Hereinafter, examples in which the magnetic material of the present invention is disclosed more specifically will be shown. The present invention is not limited to these examples.

(Example 1)
As magnetic particles, Ni-P particles (manufactured by Hitachi Metals, Ltd.) having a particle diameter of 3 μm were prepared. The Ni-P particles were coated with an insulating coat (inorganic oxide: SiO ₂ , water-soluble polymer: sodium polyacrylate) using the method described in International Publication No. 2016/056351. As a result, a silica insulating film having a thickness of 30 nm was formed on the surface of the Ni-P particles. A hydroxy group and a carbonyl group were present in the silica insulating film, and the zeta potential was measured by a zeta potential meter (DT manufactured by Nippon Luft Co., Ltd.) and was charged to -40 mV in pure water.

The Ni-P particles on which the silica insulating film was formed were mixed and stirred at 20 wt% with respect to 30 mL of pure water to obtain a colloidal solution.
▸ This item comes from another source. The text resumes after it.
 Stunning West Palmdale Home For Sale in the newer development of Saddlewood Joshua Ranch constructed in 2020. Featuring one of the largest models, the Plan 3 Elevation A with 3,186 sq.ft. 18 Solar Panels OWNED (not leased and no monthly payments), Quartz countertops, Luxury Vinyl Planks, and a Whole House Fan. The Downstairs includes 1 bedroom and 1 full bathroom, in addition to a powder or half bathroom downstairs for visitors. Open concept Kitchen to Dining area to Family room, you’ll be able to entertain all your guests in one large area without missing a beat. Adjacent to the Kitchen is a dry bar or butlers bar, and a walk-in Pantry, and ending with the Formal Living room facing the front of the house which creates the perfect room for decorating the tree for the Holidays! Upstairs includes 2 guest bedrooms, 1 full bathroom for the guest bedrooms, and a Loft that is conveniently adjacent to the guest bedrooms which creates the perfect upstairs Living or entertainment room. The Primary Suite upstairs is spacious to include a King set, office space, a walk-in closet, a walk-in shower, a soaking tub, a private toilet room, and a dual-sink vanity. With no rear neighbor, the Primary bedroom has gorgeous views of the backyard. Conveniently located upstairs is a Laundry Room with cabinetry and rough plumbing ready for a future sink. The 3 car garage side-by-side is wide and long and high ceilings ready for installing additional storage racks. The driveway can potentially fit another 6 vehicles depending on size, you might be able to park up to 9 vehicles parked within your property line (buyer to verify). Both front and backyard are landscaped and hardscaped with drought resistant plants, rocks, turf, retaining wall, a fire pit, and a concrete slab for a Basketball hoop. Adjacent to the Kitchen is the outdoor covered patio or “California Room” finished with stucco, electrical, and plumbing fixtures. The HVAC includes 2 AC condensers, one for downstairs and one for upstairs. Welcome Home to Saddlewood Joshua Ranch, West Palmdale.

Separately, a non-alkali glass substrate (EAGLE XG manufactured by Corning Inc.) was prepared. After washing with 2% NaOH for 15 minutes and ultrasonic cleaning with pure water for 60 minutes, the glass substrate was heated at 200 ° C. for 2 hours. The two glass substrates were sandwiched while arranging spacers having a thickness of 1.1 mm at the ends to prepare a wedge-shaped glass cell having an angle of 1.6 degrees. The above colloidal solution was injected into the voids of the wedge-shaped glass cell using the capillary phenomenon, and allowed to stand for 30 minutes. Then, the non-woven fabric was pressed between the two glasses of the wedge-shaped glass cell to absorb the solvent, and after 48 hours, the dried product was obtained. From the above, the magnetic material of Example 1 was produced.
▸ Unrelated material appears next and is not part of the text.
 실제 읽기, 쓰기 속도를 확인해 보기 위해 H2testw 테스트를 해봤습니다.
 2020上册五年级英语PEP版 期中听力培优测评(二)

When platinum was sputter-coated on the dried product (magnetic material) obtained in Example 1 and observed with a scanning electron microscope (SEM; JSM6010 manufactured by JEOL Ltd.), two Ni-P particles were found in a certain planar region. It had a periodic structure in one direction and further had a periodic structure in one direction in another planar region. Specifically, the aggregate of Ni-P particles had a face-centered cubic lattice structure. One Ni-P particle had C symmetry, with 92% of the area matching. Further, when the particle size distribution of Ni-P particles was derived from JMP manufactured by SAS Institute, the particle size distribution of Ni-P particles was narrowly dispersed, and when D50 was α, D10 was 0.9α and D90 was 1.1α. Further, nine Ni-P particles were present on the band portion passing through the position of the center of gravity of the Ni-P particles.

(Comparative Example 1)
As magnetic particles, Ni-P particles having a particle diameter of 3 μm (manufactured by Hitachi Metals, Ltd.) and Ni-P particles having a particle diameter of 6 μm (manufactured by Hitachi Metals, Ltd.) were prepared. A silica insulating film having a thickness of 30 nm was formed on each of the Ni-P particles in the same manner as in Example 1.

10 wt% of each of the Ni-P particles on which the silica insulating film was formed was mixed and stirred with respect to 30 mL of pure water to obtain a colloidal solution. After that, a dried product was obtained by the same method as in Example 1. From the above, the magnetic material of Comparative Example 1 was produced.

In the dried product (magnetic material) obtained in Comparative Example 1, the Ni-P particles did not have a periodic structure. One Ni-P particle had C symmetry, with 91% of the area matching. However, the particle size distribution of the Ni-P particles was not narrowly dispersed, and D10 was 0.7α and D90 was 1.3α. Further, 13 Ni-P particles were present on the band portion passing through the position of the center of gravity of the Ni-P particles.

In order to evaluate the characteristics of the magnetic materials obtained in Example 1 and Comparative Example 1, a static magnetic field two-dimensional analysis was performed by a simulation (Femtet 2019 manufactured by Murata Manufacturing Co., Ltd.).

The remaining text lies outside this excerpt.